Fig. 1 is an overall view showing the operating mechanism of a transmission according to an embodiment of the present invention, Fig. 2 is a skeleton showing a transmission to which the operating mechanism of the embodiment is applied, and Figs. 1 and 3 are operations of the embodiment. FIG. 4 is a side view showing the main parts of the operating mechanism of the embodiment; FIG. 5 is a side view showing the gear noise prevention device of the operating mechanism of the embodiment; FIGS. FIG. 8 is a diagram showing the operating state of the rotary lever in the operating mechanism of the embodiment.・23... Control lever 28... Reverse-5 speed shift bracket (shift bracket) 31... Reverse-5 speed fork rod (fork rod) 34... Reverse-5 speed shift fork (shift fork) 35 ...Rotating lever 41 - gate - 1st pin 42 ... 2nd pin 43 ... - 3rd pin 44 ... Support plate (case side member) it, see 2.

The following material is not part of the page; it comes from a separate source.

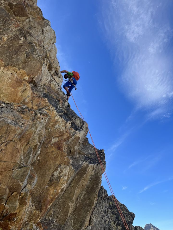 Trockener, griffiger Fels. Abseilstelle mit Bandschlingen und Reepschnüre eingerichtet. Platte mit Bohrhaken übersehen. Route ist auch so gut machbar. Gipfelgrat sehr ausgesetzt aber super zum Klettern.

... Distance between fulcrums t ... Loss stroke clearance patent application Nissan Motor Co., Ltd.

Claims (1)

[Scope of Claims] 1) A transmission operation mechanism configured such that a shift bracket and a shift fork are provided on a fork rod, and the shift fork makes a shift stroke in response to a shift operation, comprising: One end is provided to be slidable relative to the fork rod, a rotating lever is interposed between the shift bracket and the shift fork, and one end of the rotating lever and the case side member are supported by a first pin. , the other end side of the rotating lever, the shift bracket and the shift fork are supported by a second pin and a third pin, and the distance between the first pin and the third pin is smaller than the distance between the supporting points of the first pin and the second pin. In addition to increasing the distance between the fulcrums, a loss stroke gap is formed between the second pin and the rotating lever to allow only the shift bracket to move slightly in the shift direction during the initial stroke. Transmission operating mechanism. 2) The transmission operating mechanism according to claim 1, wherein the shift fork is a reverse shift fork.